Proxmox Ceph Networking

ScottDavis

New Member
May 23, 2024
26
4
3
I have configured an OSPFv6 high speed ring network for three nodes.

I now want ceph to use the ipv6 network, rather than the existing management network. How do I change this for each node?
 
Thank you. Modified the conf file and also removed public as was causing issue with the monitors with multiple public networks.

Just need to sort a permission issue now on one of the other nodes.
 
  • Like
Reactions: weehooey-bh
Looks like destroying the monitors after doing the final step of changing the monitor IP was a bad idea. The aim to create new monitors using the new IPv6 cluster network.

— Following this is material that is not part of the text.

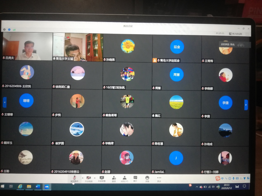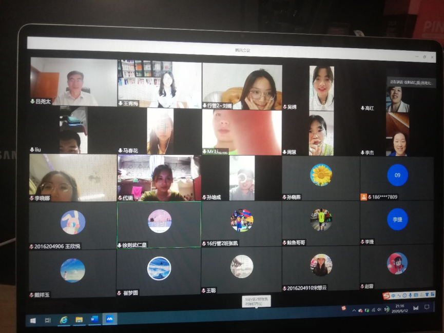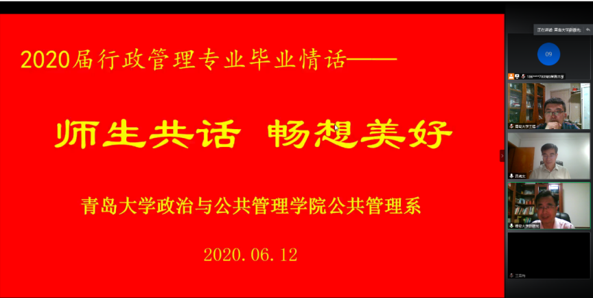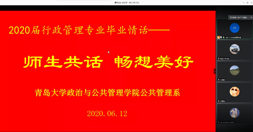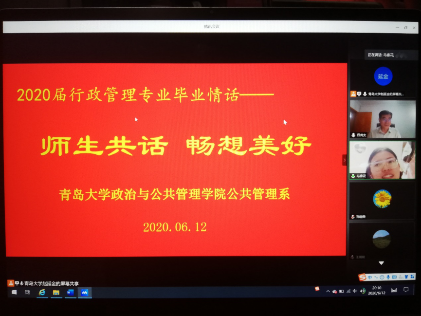 6月12日晚,球盟会公共管理系“2020届行政管理专业毕业情话——师生共话,畅想美好”活动通过网络视频会议的形式把全体教师和员工再一次联通了起来,大家纷纷通过视频共话师生情、同学情,畅想幸福未来,传递美好祝愿。

I now get the error 'Could not connect to ceph cluster despite configured monitors (500)' ... so clearly I've broke something somewhere.

The amount of time spent moving the cluster to a new network I could have rebuilt this cluster!
 
Last edited:
Is there are guide around to reinstall / clean up CEPH to save me re-installing from scratch?
Hey Scott

I do not know of any guide for re-installation. There might be. This might give you what you need to remove Ceph: https://forum.proxmox.com/threads/removing-ceph-completely.62818/

If you are just setting up your cluster, starting fresh is a solid way to go.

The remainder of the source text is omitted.